Improved patient care
By improving the quality of clinical documentation, clinicians can improve the quality of care they deliver. Speech recognition technology gives physicians relevant, actionable information about their clinical documentation in real time, allowing clinicians to adjust patients' care management plans to better match medical necessity.

Clinically integrated CDI technology also lends itself to quality improvement initiatives by streamlining communication between clinicians, nurses and ancillary staff. Speech recognition software enables physicians to create a narrative document that outlines medical decision making and defines the nuances of the episode of care. The output is composed in a readable note — important not only for the medical record and coding team, but also for communication with other physicians and patients.

Nurses often see gaps in the clinical documentation from providers and ancillary staff, the COO of a Chicago-based hospital system said during the roundtable discussion. "I see CDI technology as a vehicle to improve channels of communication between caregivers to make sure everyone is on the same page," she said. The shared understanding helps ensure continuity of care in the transition between on-duty nursing staff or care settings.

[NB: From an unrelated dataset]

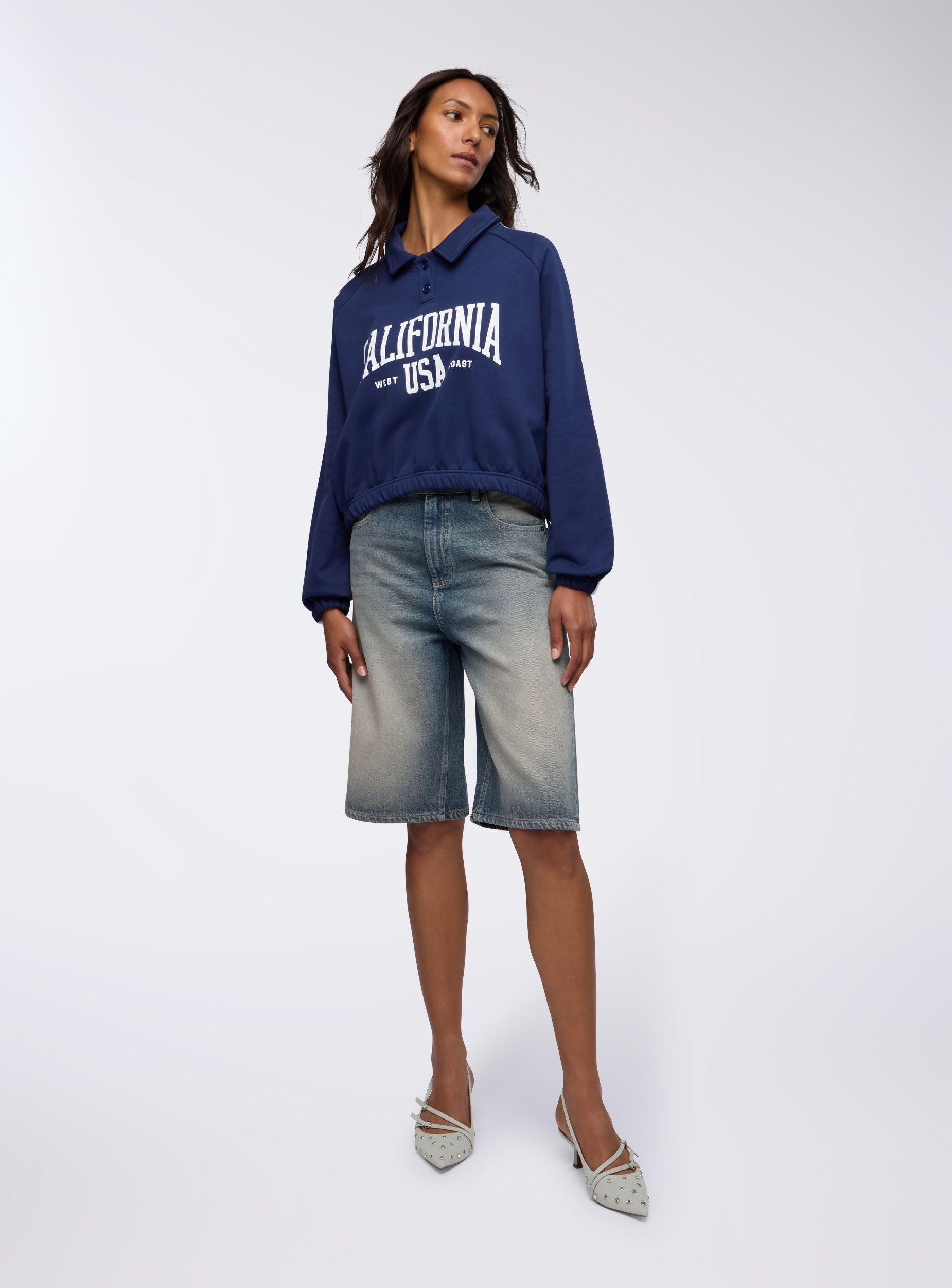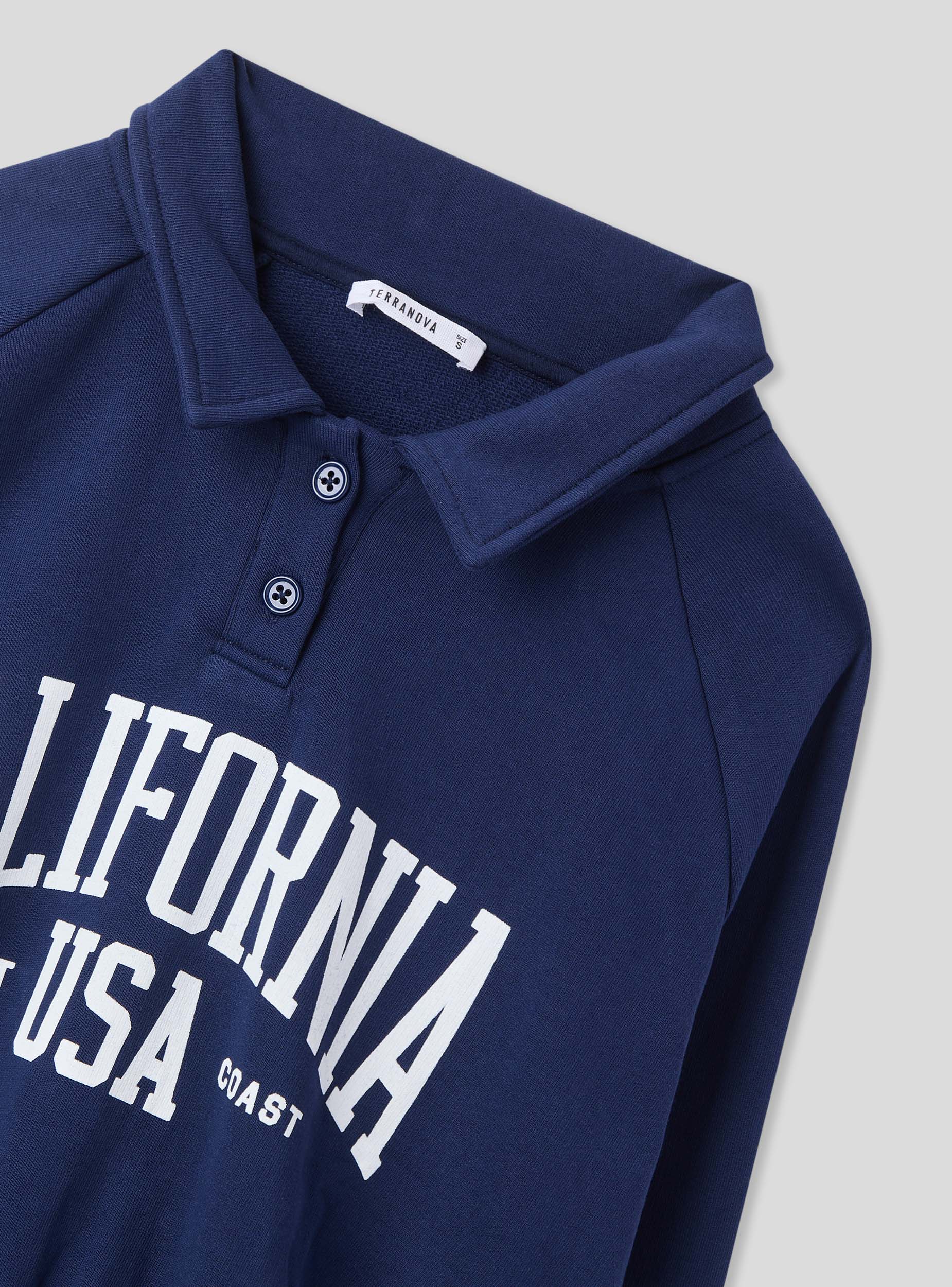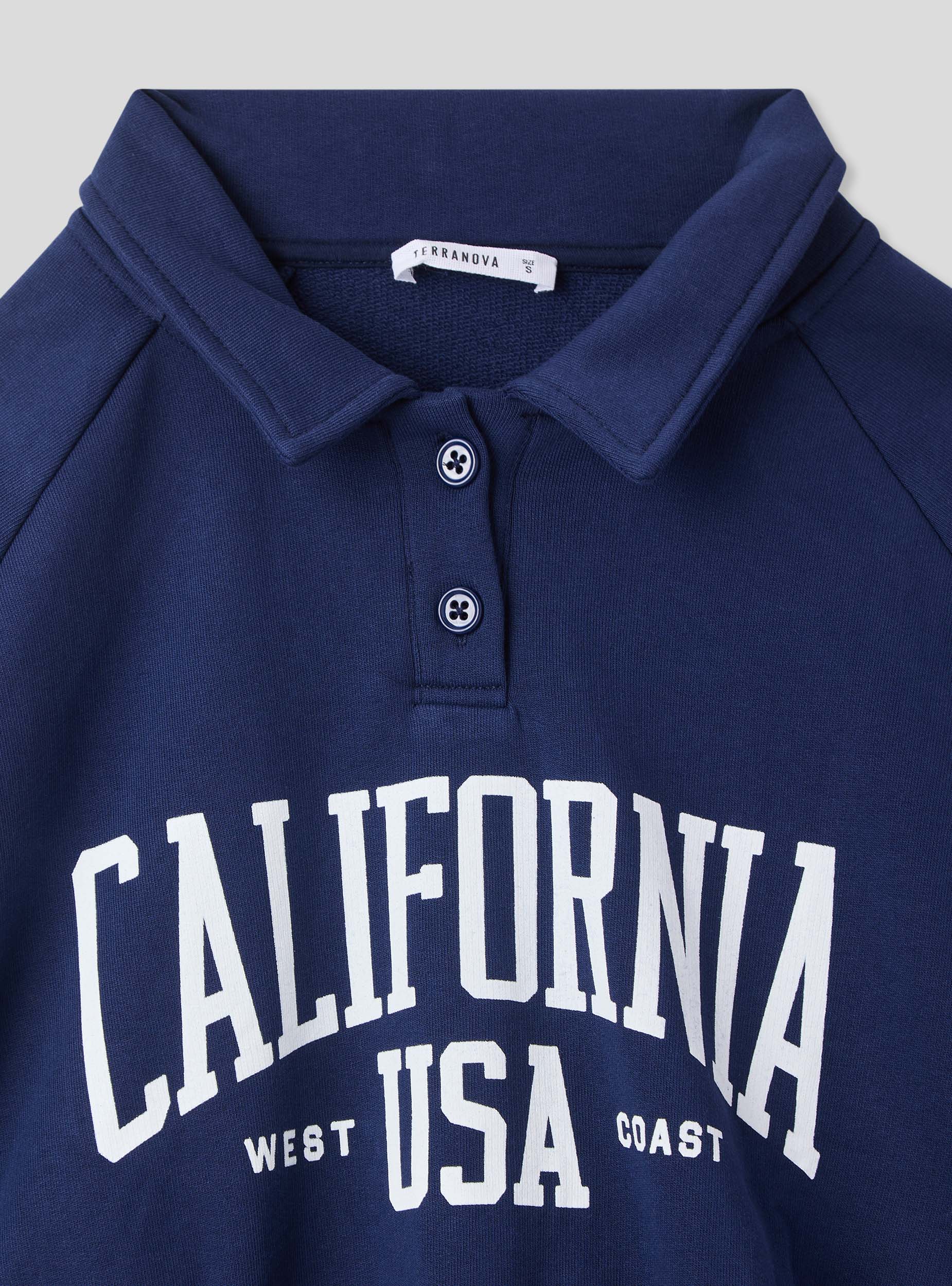 Felpa leggera da donna ideale per un look casual e sportivo. Perfetta per il tempo libero, si abbina facilmente a jeans o pantaloni jogger per un outfit comodo e alla moda. Il design con stampa college aggiunge un tocco di stile urbano, mentre il colletto polo con bottoni e gli stopper sul fondo garantiscono praticità e versatilità. Un capo che unisce comfort e tendenza per ogni occasione.Dettagli

Improved clinician experience
An intuitive CDI solution that seamlessly integrates with clinical workflow can markedly improve physician satisfaction. More than 80 percent of physicians said it is disruptive and time consuming when queries for information occur after they entered the note or after the patient is discharged, according to a 2014 survey from Nuance.

"[Real time speech recognition technology] would help our physicians tremendously because currently we have coders trailing behind physicians, looking over their shoulder, trying to improve [physicians'] documentation," said Paul Mihalakakos, MD, an anesthesiologist and president of medical staff at Aurora Medical Center in Twin Rivers, Wis.

Technology and process improvements can help reduce physician frustration and support quality patient care by ensuring clinical information is complete and compliant from the start to eliminate rework.

Conclusion
Natural language processing programs infused with clinically-based guidance engage physicians and reinforce CDI specialists and coders while easing the administrative burden on clinicians in the transition to value-based care. Advancements in areas like computer assisted physician documentation (CAPD) — either front-end solutions or those or integrated with a hospital's electronic health record (EHR) — provide physicians and hospitals with powerful tools to drive timeliness, accuracy and clinical quality across an enterprise.

"Technology should be simple and do work for physicians — not the other way around," Dr. Coleman says. "Through a more natural approach to creating clinically -accurate information, everyone wins — the physician, the institution and most importantly, the patient."